* Assignment
Print the listing in full, exactly as it stands.

* Task input
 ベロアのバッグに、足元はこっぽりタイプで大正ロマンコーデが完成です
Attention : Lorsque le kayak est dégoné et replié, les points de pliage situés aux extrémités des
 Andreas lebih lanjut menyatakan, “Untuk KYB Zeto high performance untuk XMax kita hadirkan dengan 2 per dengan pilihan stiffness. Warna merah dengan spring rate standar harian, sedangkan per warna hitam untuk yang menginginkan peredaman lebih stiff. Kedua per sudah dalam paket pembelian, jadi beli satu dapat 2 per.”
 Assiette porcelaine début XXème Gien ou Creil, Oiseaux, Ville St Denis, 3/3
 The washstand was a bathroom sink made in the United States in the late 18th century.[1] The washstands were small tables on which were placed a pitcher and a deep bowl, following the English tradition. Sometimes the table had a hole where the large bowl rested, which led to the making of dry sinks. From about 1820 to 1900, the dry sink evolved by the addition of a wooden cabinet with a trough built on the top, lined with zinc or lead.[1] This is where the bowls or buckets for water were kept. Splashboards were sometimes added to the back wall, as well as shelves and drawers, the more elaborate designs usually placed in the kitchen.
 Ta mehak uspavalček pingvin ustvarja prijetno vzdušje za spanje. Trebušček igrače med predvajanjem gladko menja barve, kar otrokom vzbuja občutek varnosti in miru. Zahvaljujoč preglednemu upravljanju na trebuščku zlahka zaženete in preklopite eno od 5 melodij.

* Answer for the task
 ベロアのバッグに、足元はこっぽりタイプで大正ロマンコーデが完成です
Attention : Lorsque le kayak est dégoné et replié, les points de pliage situés aux extrémités des
 Andreas lebih lanjut menyatakan, “Untuk KYB Zeto high performance untuk XMax kita hadirkan dengan 2 per dengan pilihan stiffness. Warna merah dengan spring rate standar harian, sedangkan per warna hitam untuk yang menginginkan peredaman lebih stiff. Kedua per sudah dalam paket pembelian, jadi beli satu dapat 2 per.”
 Assiette porcelaine début XXème Gien ou Creil, Oiseaux, Ville St Denis, 3/3
 The washstand was a bathroom sink made in the United States in the late 18th century.[1] The washstands were small tables on which were placed a pitcher and a deep bowl, following the English tradition. Sometimes the table had a hole where the large bowl rested, which led to the making of dry sinks. From about 1820 to 1900, the dry sink evolved by the addition of a wooden cabinet with a trough built on the top, lined with zinc or lead.[1] This is where the bowls or buckets for water were kept. Splashboards were sometimes added to the back wall, as well as shelves and drawers, the more elaborate designs usually placed in the kitchen.
 Ta mehak uspavalček pingvin ustvarja prijetno vzdušje za spanje. Trebušček igrače med predvajanjem gladko menja barve, kar otrokom vzbuja občutek varnosti in miru. Zahvaljujoč preglednemu upravljanju na trebuščku zlahka zaženete in preklopite eno od 5 melodij.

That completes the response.